As far as my understanding goes, most of the tools of algebraic topology (homotopy groups, homology groups, cup product, cohomology operations, Hopf invariant, signature, characteristic classes, knot invariants…) are mostly designed with "discrimination" in mind: if two spaces/maps/bundles/… do not have the same invariant, then they are not "equivalent" for the correct notion of equivalence. And of course two things having the same invariants in some arbitrary big class is not enough for the things to be equivalent (e.g. there are spaces that have the same homotopy and homology groups that are not homotopy equivalent).
But sometimes computing only a few of those invariants is enough:
- If a knot has the same crossing number as the unknot (zero), then it's the unknot. (Maybe a silly example.)
- If a space has the same homotopy groups as an Eilenberg–MacLane space (i.e. they all vanish except one), then it has the same homotopy type as an Eilenberg–MacLane space.
- If a closed (connected) 3-manifold has the same fundamental group as the 3-sphere, then it's actually homeomorphic to the 3-sphere (the famous Poincaré conjecture / Perelman theorem).

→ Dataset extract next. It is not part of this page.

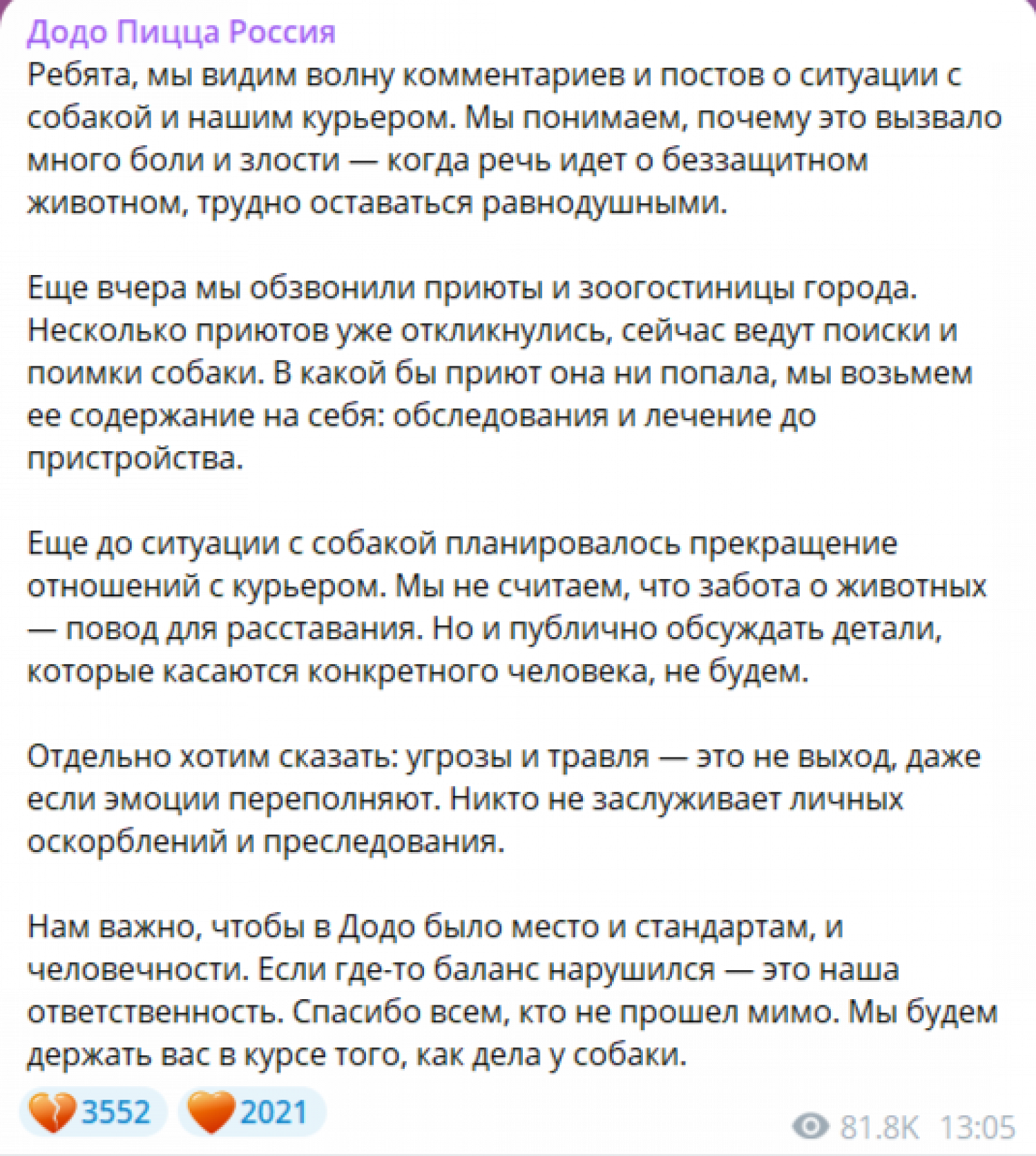 «Еще до ситуации с собакой планировалось прекращение отношений с курьером. Мы не считаем, что забота о животных — повод для расставания. Но и публично обсуждать детали, которые касаются конкретного человека, не будем», — отметили в «Додо Пицце».
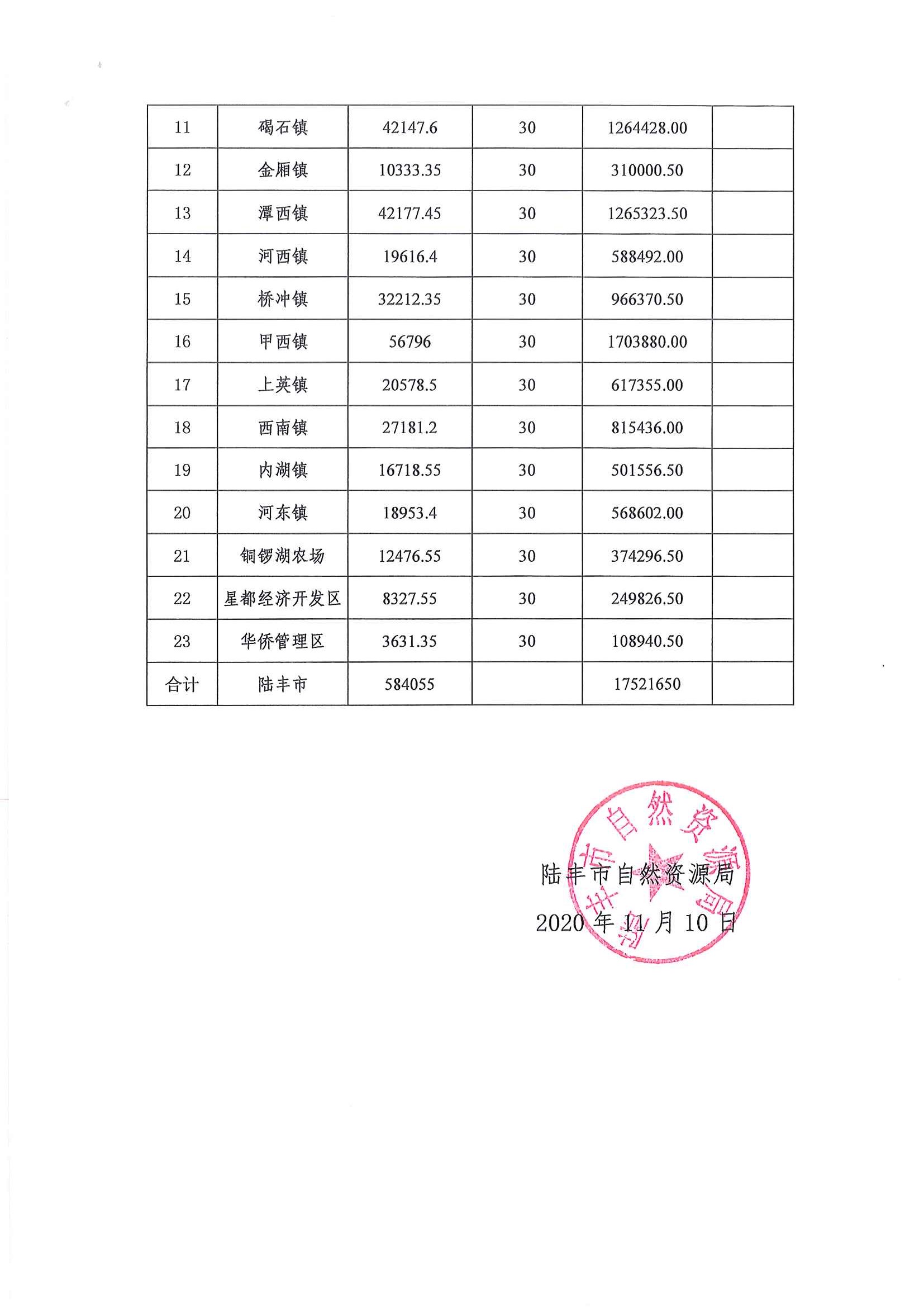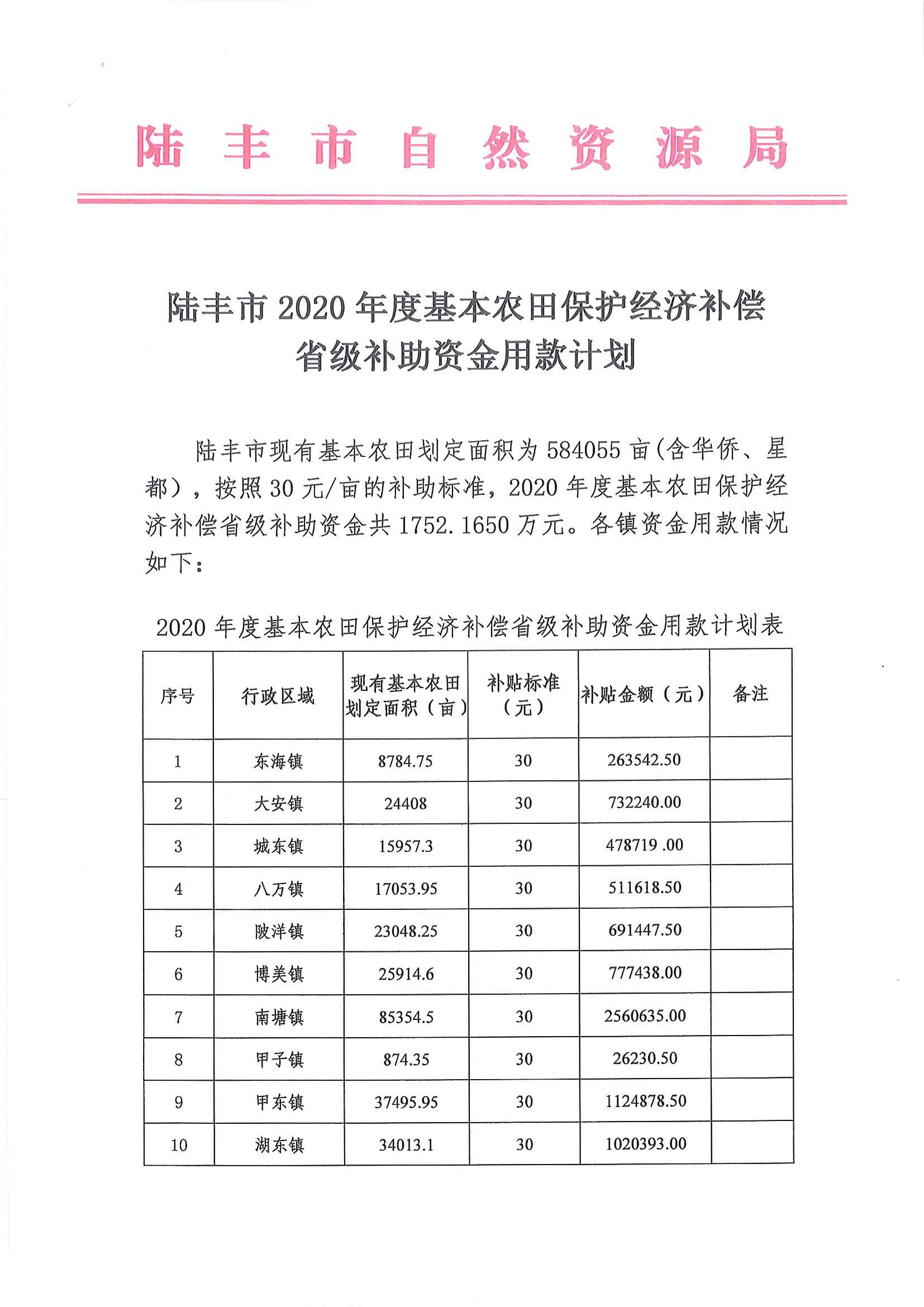 陸豐市2020年度基本農(nóng)田保護經(jīng)濟補償省級補助資金用款計劃

- The result that made me think of this question: under some technical conditions, if a simplicial operad has the same rational homology as the little $n$-disks operad (as Hopf $\Lambda$-operads), then it is rationally equivalent to the little $n$-disks operad (Fresse–Willwacher).
The above results are the ones I could think of (and are probably very skewed towards my interests).
What are some other examples of situations where an algebro-topological invariant, that in general is not enough to characterize an object, is enough to actually completely characterize the object?
Best Answer
Classification of simply-connected 4-5 and 6-manifolds.